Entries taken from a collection
________________________

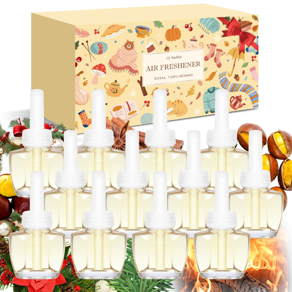 Scent-Hi Plug in Air Freshener Refills 12 Pack, Home Fragrance Plug in Diffuser Refill, Compatible with Air Wick & Glade Plugin(Fireside Ember, Winter
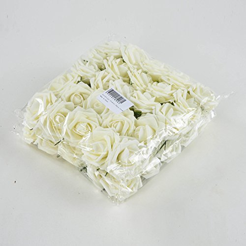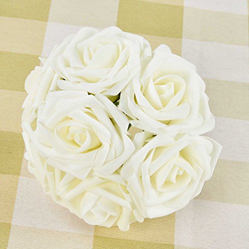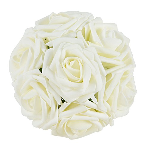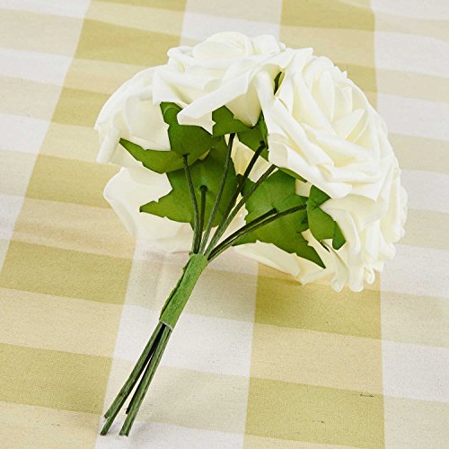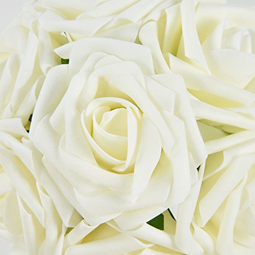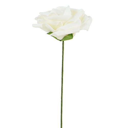 Sisjuly 50pcs PE Artificial Roses Flowers with Green Leaf Care DIY for Wedding Bride Bouquets Ivory
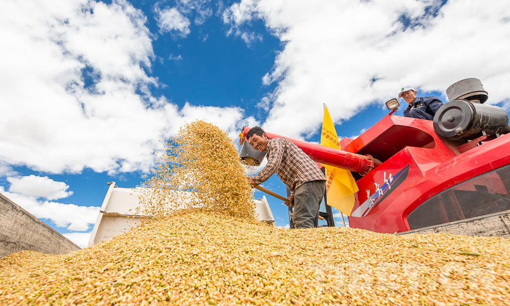 圖為日喀則市江孜縣紫金鄉(xiāng)努堆村的機械化秋收 攝影:趙耀
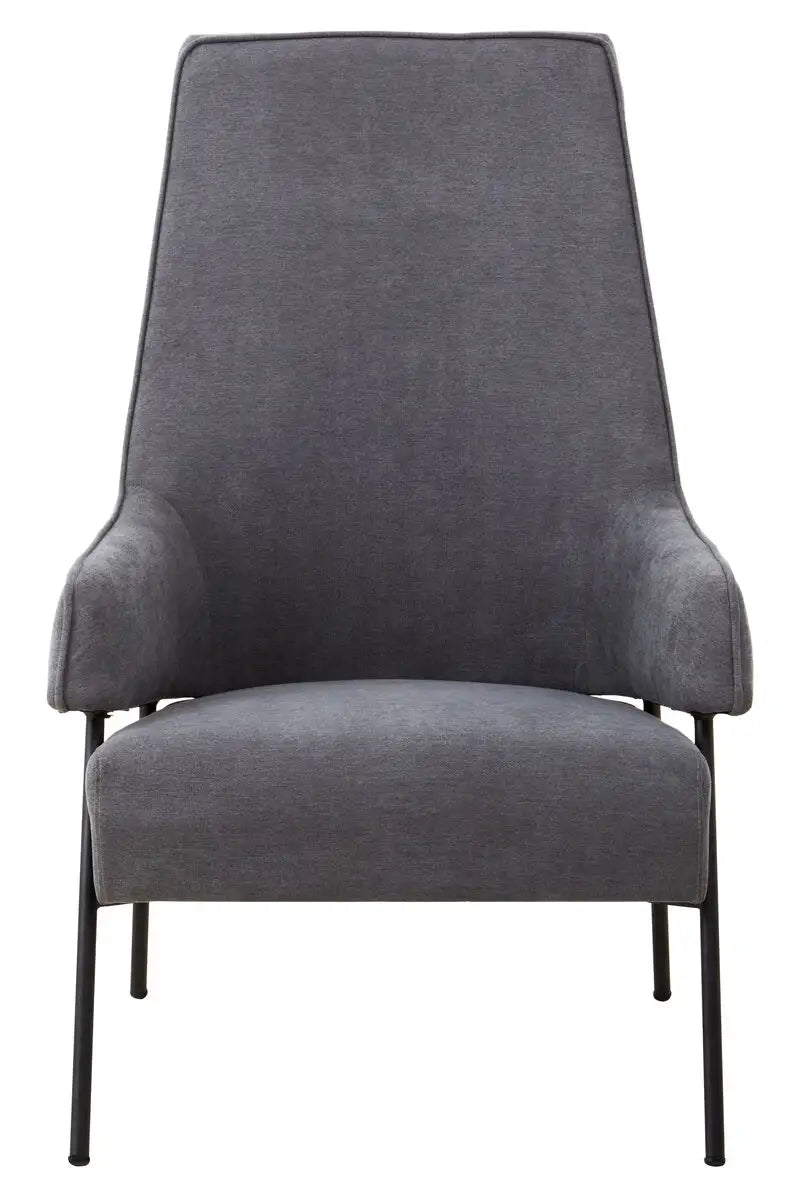With its luxurious plush ash velvet upholstery, this chair boasts a tall back and elegantly tapered design. A small cutout detail adds interest to the padded seat and straight arms while the sleek black finish of the angled legs elevates its visual appeal.
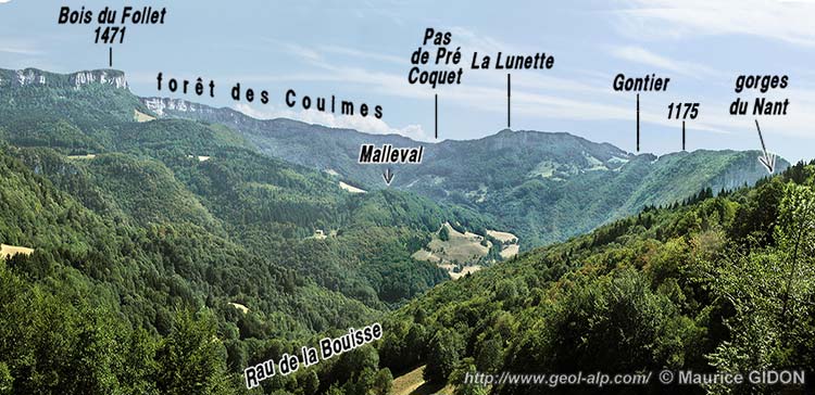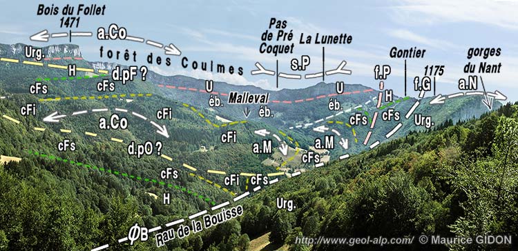 Cette combe est d'ailleurs annulaire car elle se boucle du côté sud en faisant le tour d'un mont dérivé*, de forme molle et surbaissée, qui est armé par les calcaires du Fontanil du coeur de l'anticlinal et qui porte le village de Malleval.
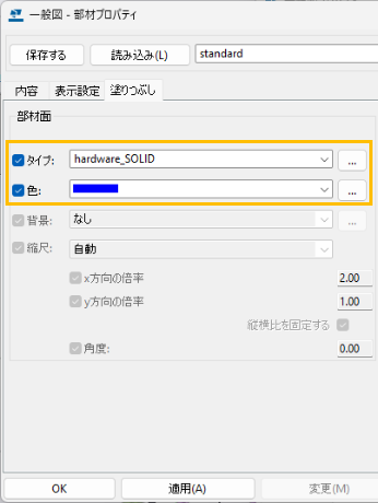 [一般図 - 部材プロパティ] ダイアログ ボックスに移動するには、[部材] をクリックして、[塗りつぶし] タブで塗りつぶしを選択し、塗りつぶし色を青色に設定したうえで、[変更] をクリックします。
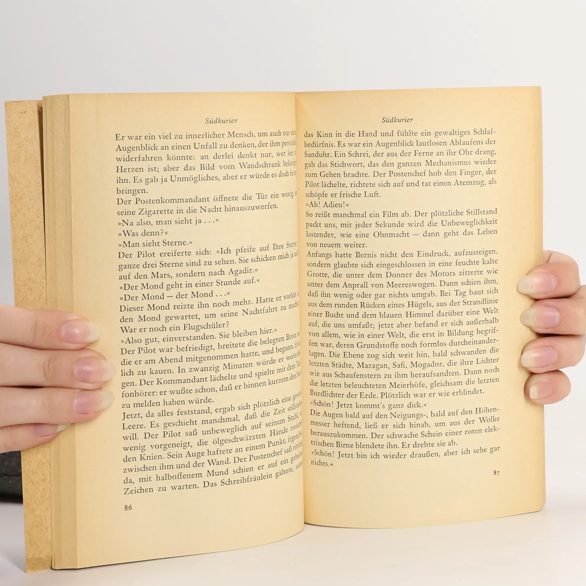 In die Erinnerungen an einen Freund und an dessen letzten Flug hat der Erzähler die Geschichte einer Liebe eingebunden, die sich nicht erfüllen kann. (Orig. Ausg.: 1929).
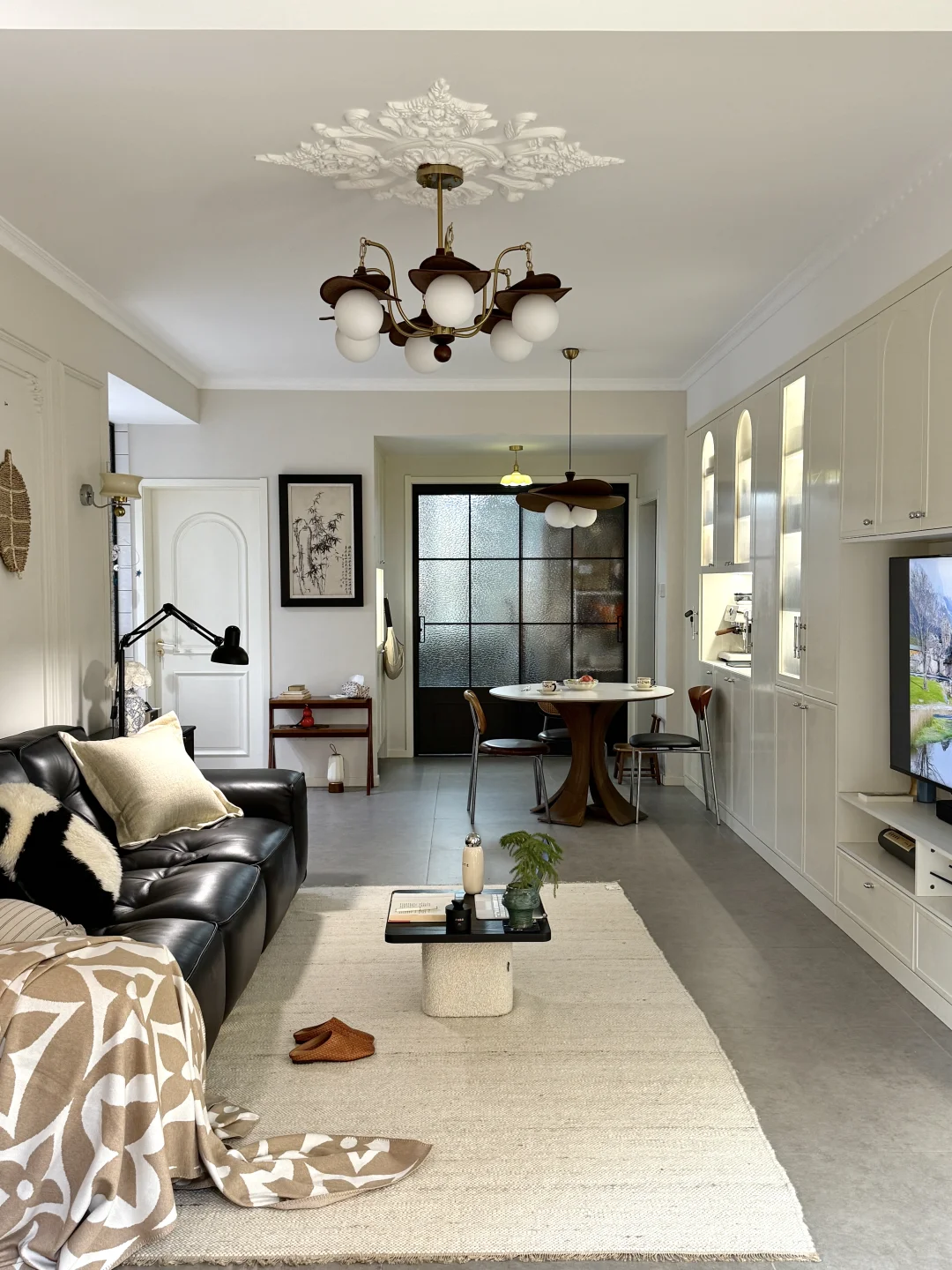 客厅做了一整排满墙电视柜,客餐厅一体,全长6.08m

________________________

_PROBLEM TO SOLVE_.
Copy out all of the entries exactly as they stand, with no pictures in your copy.

_SOLUTION_.
 Scent-Hi Plug in Air Freshener Refills 12 Pack, Home Fragrance Plug in Diffuser Refill, Compatible with Air Wick & Glade Plugin(Fireside Ember, Winter
 Sisjuly 50pcs PE Artificial Roses Flowers with Green Leaf Care DIY for Wedding Bride Bouquets Ivory
 圖為日喀則市江孜縣紫金鄉(xiāng)努堆村的機械化秋收 攝影:趙耀
With its luxurious plush ash velvet upholstery, this chair boasts a tall back and elegantly tapered design. A small cutout detail adds interest to the padded seat and straight arms while the sleek black finish of the angled legs elevates its visual appeal.
 Cette combe est d'ailleurs annulaire car elle se boucle du côté sud en faisant le tour d'un mont dérivé*, de forme molle et surbaissée, qui est armé par les calcaires du Fontanil du coeur de l'anticlinal et qui porte le village de Malleval.
 [一般図 - 部材プロパティ] ダイアログ ボックスに移動するには、[部材] をクリックして、[塗りつぶし] タブで塗りつぶしを選択し、塗りつぶし色を青色に設定したうえで、[変更] をクリックします。
 In die Erinnerungen an einen Freund und an dessen letzten Flug hat der Erzähler die Geschichte einer Liebe eingebunden, die sich nicht erfüllen kann. (Orig. Ausg.: 1929).
 客厅做了一整排满墙电视柜,客餐厅一体,全长6.08m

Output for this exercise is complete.